# our shelter rabbit



## Maukin (Jul 13, 2008)

Just wanting to give those of you that need a lift up a bit of good news. Our shelter bunny, Bart, got adopted today by a mom and her two kids. His name is now "Snickers". We gave this family a cage. water bottle and food for their new little addition and I'm thinking this poor guy will be rather relived to leave the tumultous environment of shelter life.

Maukin


----------



## naturestee (Jul 13, 2008)

There was only one rabbit in your shelter? I wish I could say that.

I'm glad he has a new home though! It is very stressful for buns to be in with all the bigger animals and so many people going through.


----------



## missyscove (Jul 13, 2008)

I can't imagine how nice it'd be if our shelter only had one bunny.

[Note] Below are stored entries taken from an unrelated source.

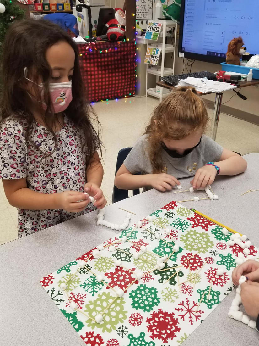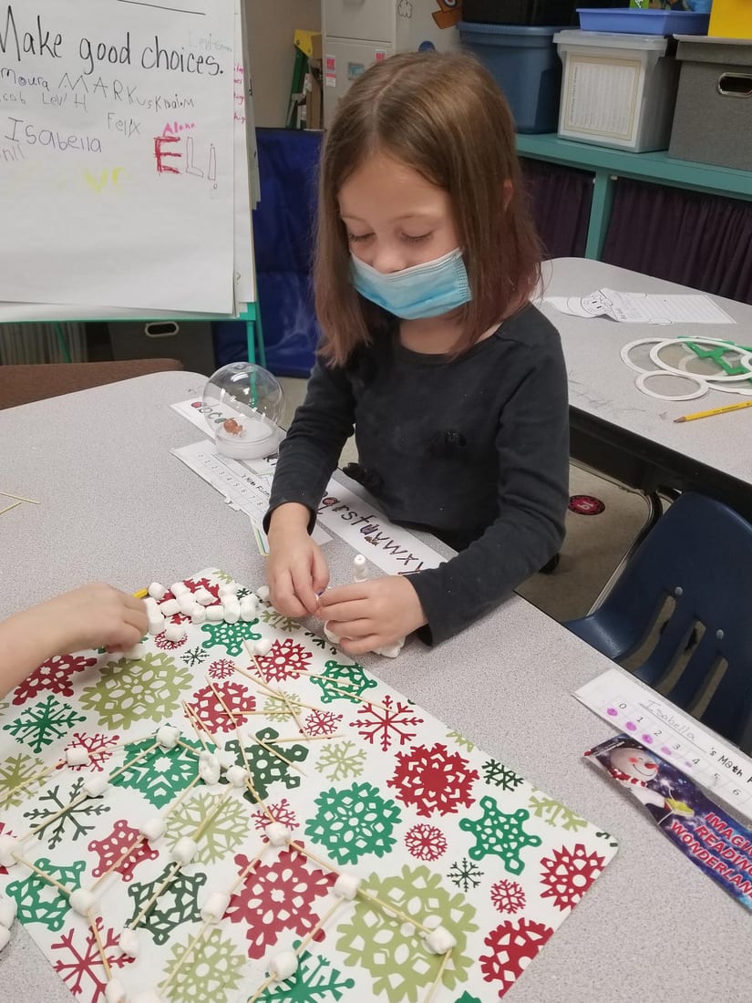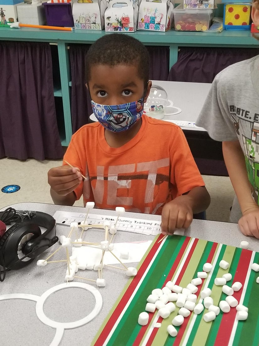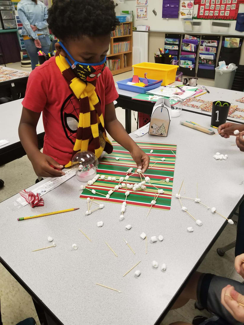 First grade students making a shelf out of toothpicks and marshmallows for Elf on the Shelf. |
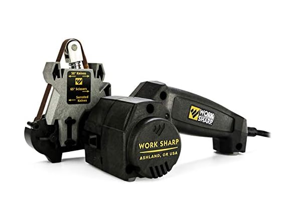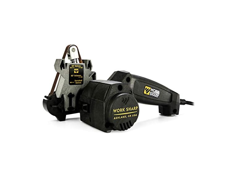 The Original Knife & Tool Sharpener is the first knife sharpener designed to sharpen every knife you own. Using flexible abrasive belts, the sharpener is able to sharpen not just straight bladed knives, but also curved knives, tanto blades, filet knives, serrated knives, gut hooks and virtually any other shape of knife blade. The Knife & Tool Sharpener uses precision angle sharpening guides to ensure that you get the proper angle every time. Two guides are included: a 50° guide for hunting and outdoor knives (25° per bevel) and a 40° guide for thinner blades and kitchen knives (20° per bevel). Professional knife makers use flexible belts to put a razor sharp edge on their blades, and now you can have the same technology at home to use any time your knives get dull. You may already have other sharpening methods, but never before has a knife sharpener been able to quickly and easily sharpen this broad range of knives to such extremely sharp results. Sharpening scissors requires the use of the scissor guide. Freehand sharpening cannot create the consistent edge necessary for scissors to cut. The scissor guide is set at 65° based on the most common scissor edge angles. The guide is designed for common "household" size scissors, including kitchen and shop shears. A 60° angled scissor guide is available on the optional 40° Outdoor Knife Guide. It is possible to regrind damaged scissor blades to 65° or 60° angle regardless of the original angle of the edge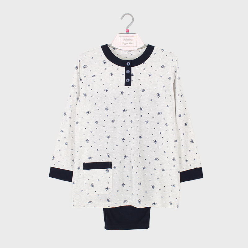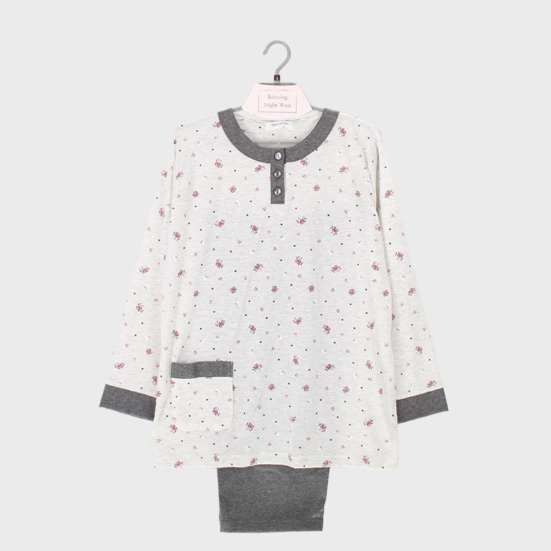 婦人天竺ヘンリーネックTスーツ(小花ドット)

On that note though, 5 got adopted from ours today. One lady took 4 (she already had 10) and another family took one. They were thinking of getting two, but couldn't decide on the second, so we suggested they take the one and come back (we were closing so they were running out of time)


----------



## Maukin (Jul 14, 2008)

I've been rehoming the bunnies rather quickly. But thanks be, we have not had the post Easter rush of bunnies that most shelters have been having. The few that we've had are not usually there for more than a few hours before one of the rescues or farms come. Our rabbit adoption fees are only 5.00, which help to have people come to us instead of going to pet stores or TSC.

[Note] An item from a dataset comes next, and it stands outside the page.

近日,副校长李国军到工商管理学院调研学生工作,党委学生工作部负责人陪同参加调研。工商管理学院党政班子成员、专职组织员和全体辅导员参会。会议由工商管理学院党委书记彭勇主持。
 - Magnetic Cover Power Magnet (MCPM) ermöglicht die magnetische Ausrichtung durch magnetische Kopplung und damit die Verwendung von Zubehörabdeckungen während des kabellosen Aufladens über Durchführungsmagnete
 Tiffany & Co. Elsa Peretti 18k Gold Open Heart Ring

On the other hand (paw??) we have had such an influx of CATS that we hardly know what to do with ourselves. There are more cats than we are set up for and so we have cat cages EVERYWHERE. Weeven have a "Buy one get one free" deal going on. Anyone who lives in or around PA who wants a cat, feel free to PM me.

Mau(MEOW!)kin


----------



## slavetoabunny (Jul 14, 2008)

If you're short on rabbits, I can send some your way! We are sooooo full here.


----------



## Maukin (Jul 14, 2008)

If wishes were horses.... we could tie a cart to one and fill it full of florida bunnies and send it to PA!!!

Seriously. Wish there was a way to help out? Is there?


----------



## slavetoabunny (Jul 15, 2008)

*Maukin wrote: *


> If wishes were horses.... we could tie a cart to one and fill it full of florida bunnies and send it to PA!!!
> 
> Seriously. Wish there was a way to help out? Is there?

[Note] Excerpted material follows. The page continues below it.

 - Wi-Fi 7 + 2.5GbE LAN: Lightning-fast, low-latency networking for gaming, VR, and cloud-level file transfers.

If you hear of anyone in Florida or nearby states that want a great bunny send them my way. We have over 100 rabbits in rescue right now.


----------



## osprey (Jul 18, 2008)

We are over 100 too, plus another 30 or so in the shelters. We just took in a litter of 10 6 week olds that someone surrendered when the mother had another litter. The shelter gave them 2 days, so we took them. We are still getting some in found as strays after the fires we had here last month too. No shortage of homeless bunnies, unfortunately.


----------



## Maukin (Jul 21, 2008)

And I'm sorry to report that Bart came back to us a couple of days ago. Child with Allergies.

I'll be posting a petfinder picture of him ASAP and show you all our guy.

Maukin


----------